→ Task description: So that the copy stays text only, transcribe the data below exactly and exclude the images.

→ The data:
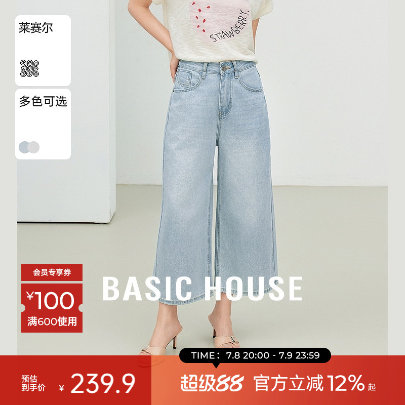 Basic House/百家好復古水洗直筒牛仔褲夏季顯瘦萊賽爾高腰八分褲
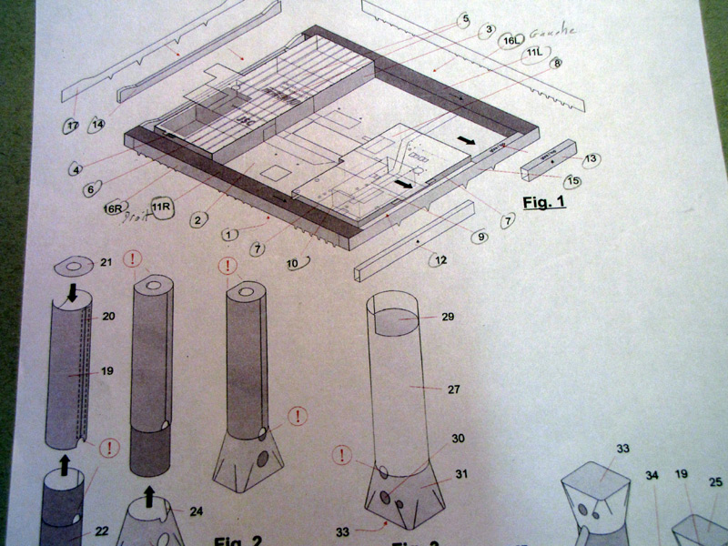 Les 4 piliers d'angles préts à assembler et les 4 étaits :
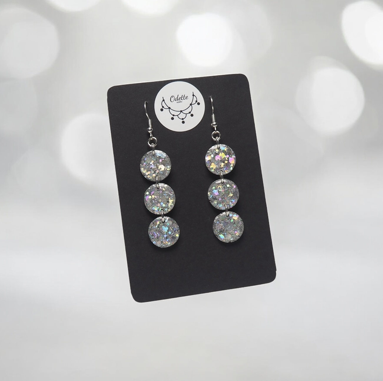 Hartsista ja glitteristä valmistetut säihkyvät korvakorut▪️pituus 7cm,yhden palan halkaisija 1,5cm▪️Hopeoitu,nikkelitön

→ Solution:
 Basic House/百家好復古水洗直筒牛仔褲夏季顯瘦萊賽爾高腰八分褲
 Les 4 piliers d'angles préts à assembler et les 4 étaits :
 Hartsista ja glitteristä valmistetut säihkyvät korvakorut▪️pituus 7cm,yhden palan halkaisija 1,5cm▪️Hopeoitu,nikkelitön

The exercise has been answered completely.